Items from a data source:
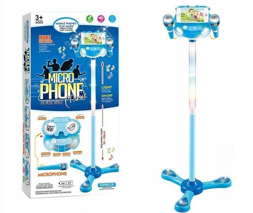 Zestaw dla dzieci do karaoke.Podwójny duży mikrofon na stojaku.Funkcja mp3 ze stojakiem na telefon.Świecące światełka led. číst celé
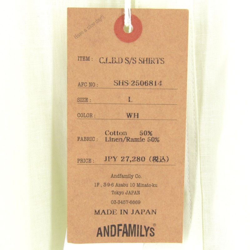 未使用 ANDFAMILYS アンドファミリー C.L.B.D S/S SHIRTS SHS-2506814 半袖ボタンダウンシャツ ホワイト 白 L タグ付き
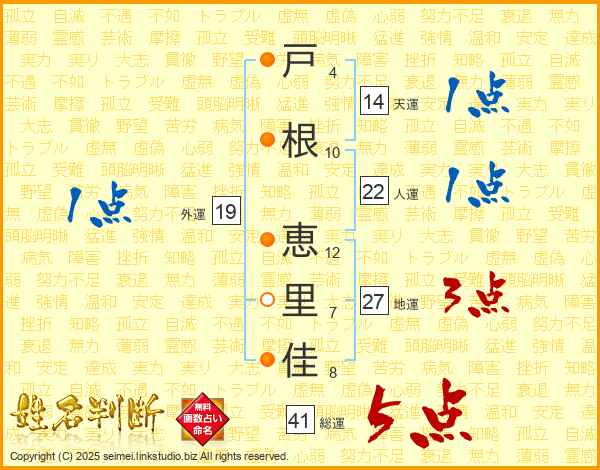戸(4画)根(10画) 恵(12画)里(7画)佳(8画)
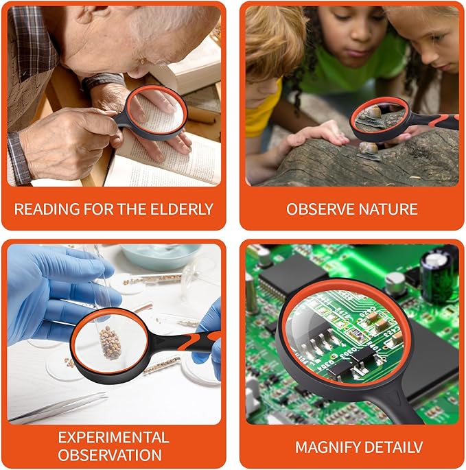 • 【3 Pack Magnifying Glass】 3 Pack 10X handheld Rubber reading magnifier gives you a clearer experience.
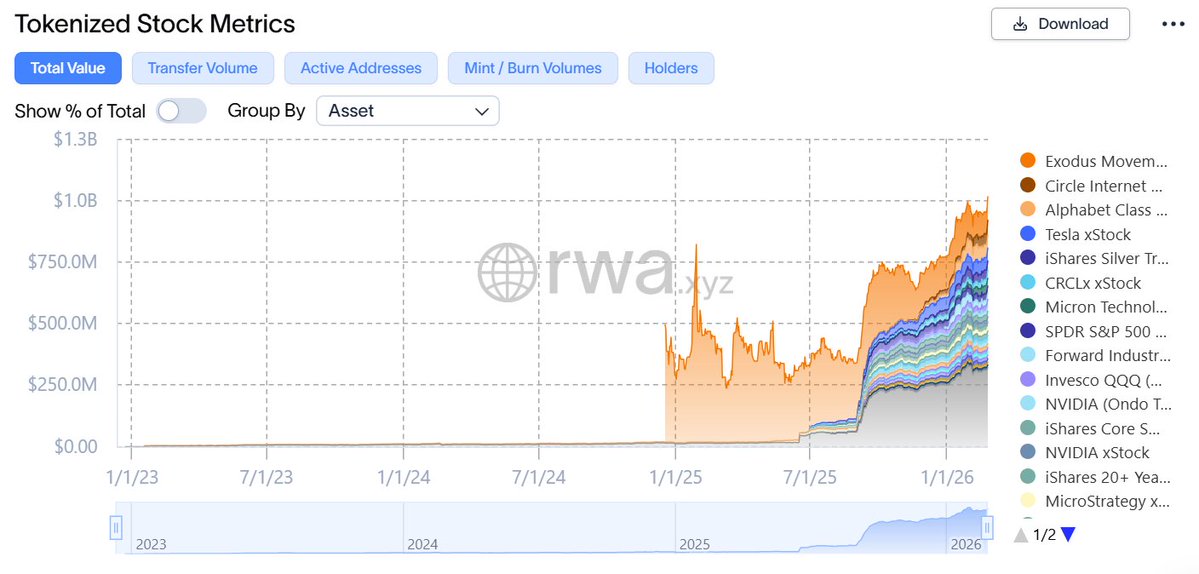 The total value of tokenized stocks has officially crossed the $1 billion mark, highlighting accelerating demand for on-chain exposure to traditional equities.
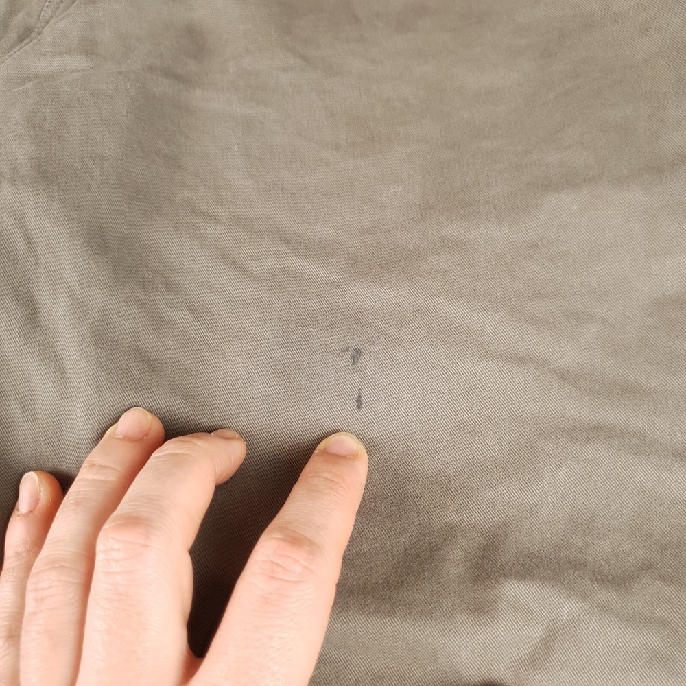 Has stains shown in photo 3 and 4. Tagged size 36x32 see photos for measurements to determine proper fit before buying. Thanks. Olive greenish gray color.
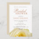Este chá de panela moderno e elegante é excelente de celebrar uma noiva-a-ser. Um convite floral com uma linda rosa amarela. O fundo é branco e o texto está na cor de pêssego. Você pode personalizar facilmente todo o texto - personalizá-lo com seu nome, data, local, RSVP e nome do repositório, e alterar ou apagar qualquer texto do convite. O verso está em cor bege.
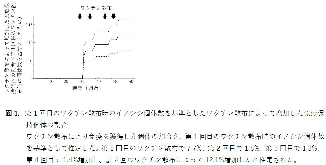 この結果は、国内で実施された豚熱ワクチンの散布により、野生イノシシの群内で、感染によらない抗体価の上昇が起こっていたことを定量的に示した初めての報告であり、今後、この手法で推定されたワクチン散布の効果を踏まえた散布方法の検討や散布後の効果の評価が可能になると考えられます 。
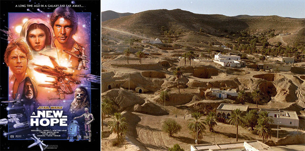Cảnh trong Tatooine, hành tinh quê hương của Luke Skywalker, được quay tại Matmata thuộc sa mạc Sahara của Tunisia. Cái tên Tatouine cũng được lấy cảm hứng từ tên một khu vực gần đó.
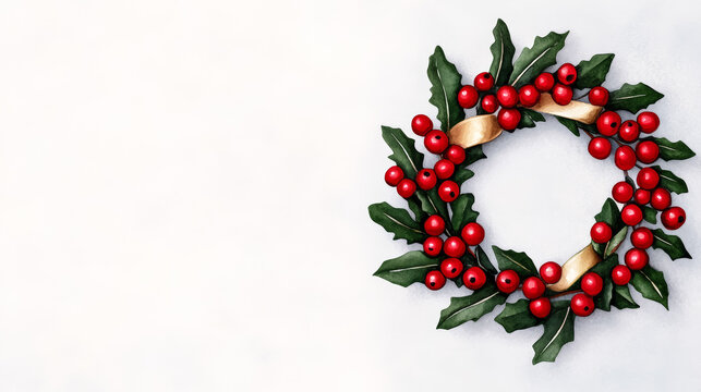 A charming holiday wreath adorned with red berries and gold ribbon on a frosted window watercolour illustration
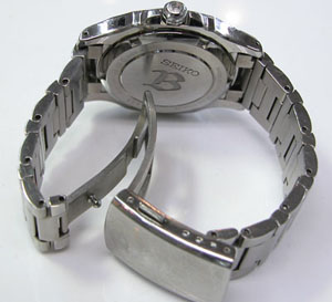 チタン無垢バンドに三つ折れプッシュバックル。
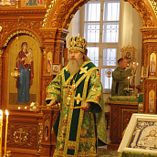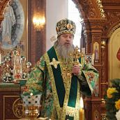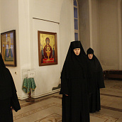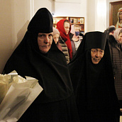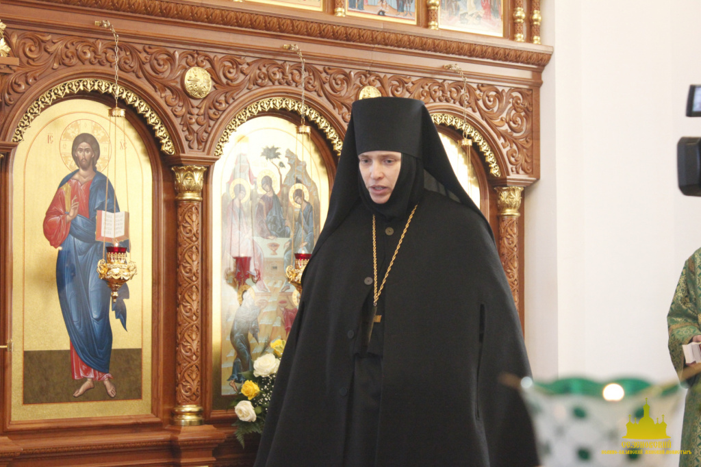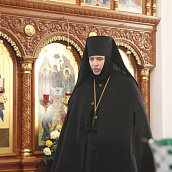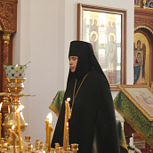 Матушка игумения с любовью приветствовала Владыку и выразила сердечную благодарность Его Преосвященству за великую радость в престольный праздник обители молитвенно участвовать в архиерейском богослужении.

● WORK REQUIRED
Write out all the data exactly, minus pictures.

● EXERCISE RESULT
 Zestaw dla dzieci do karaoke.Podwójny duży mikrofon na stojaku.Funkcja mp3 ze stojakiem na telefon.Świecące światełka led. číst celé
 未使用 ANDFAMILYS アンドファミリー C.L.B.D S/S SHIRTS SHS-2506814 半袖ボタンダウンシャツ ホワイト 白 L タグ付き
戸(4画)根(10画) 恵(12画)里(7画)佳(8画)
 • 【3 Pack Magnifying Glass】 3 Pack 10X handheld Rubber reading magnifier gives you a clearer experience.
 The total value of tokenized stocks has officially crossed the $1 billion mark, highlighting accelerating demand for on-chain exposure to traditional equities.
 Has stains shown in photo 3 and 4. Tagged size 36x32 see photos for measurements to determine proper fit before buying. Thanks. Olive greenish gray color.
Este chá de panela moderno e elegante é excelente de celebrar uma noiva-a-ser. Um convite floral com uma linda rosa amarela. O fundo é branco e o texto está na cor de pêssego. Você pode personalizar facilmente todo o texto - personalizá-lo com seu nome, data, local, RSVP e nome do repositório, e alterar ou apagar qualquer texto do convite. O verso está em cor bege.
 この結果は、国内で実施された豚熱ワクチンの散布により、野生イノシシの群内で、感染によらない抗体価の上昇が起こっていたことを定量的に示した初めての報告であり、今後、この手法で推定されたワクチン散布の効果を踏まえた散布方法の検討や散布後の効果の評価が可能になると考えられます 。
Cảnh trong Tatooine, hành tinh quê hương của Luke Skywalker, được quay tại Matmata thuộc sa mạc Sahara của Tunisia. Cái tên Tatouine cũng được lấy cảm hứng từ tên một khu vực gần đó.
 A charming holiday wreath adorned with red berries and gold ribbon on a frosted window watercolour illustration
 チタン無垢バンドに三つ折れプッシュバックル。
 Матушка игумения с любовью приветствовала Владыку и выразила сердечную благодарность Его Преосвященству за великую радость в престольный праздник обители молитвенно участвовать в архиерейском богослужении.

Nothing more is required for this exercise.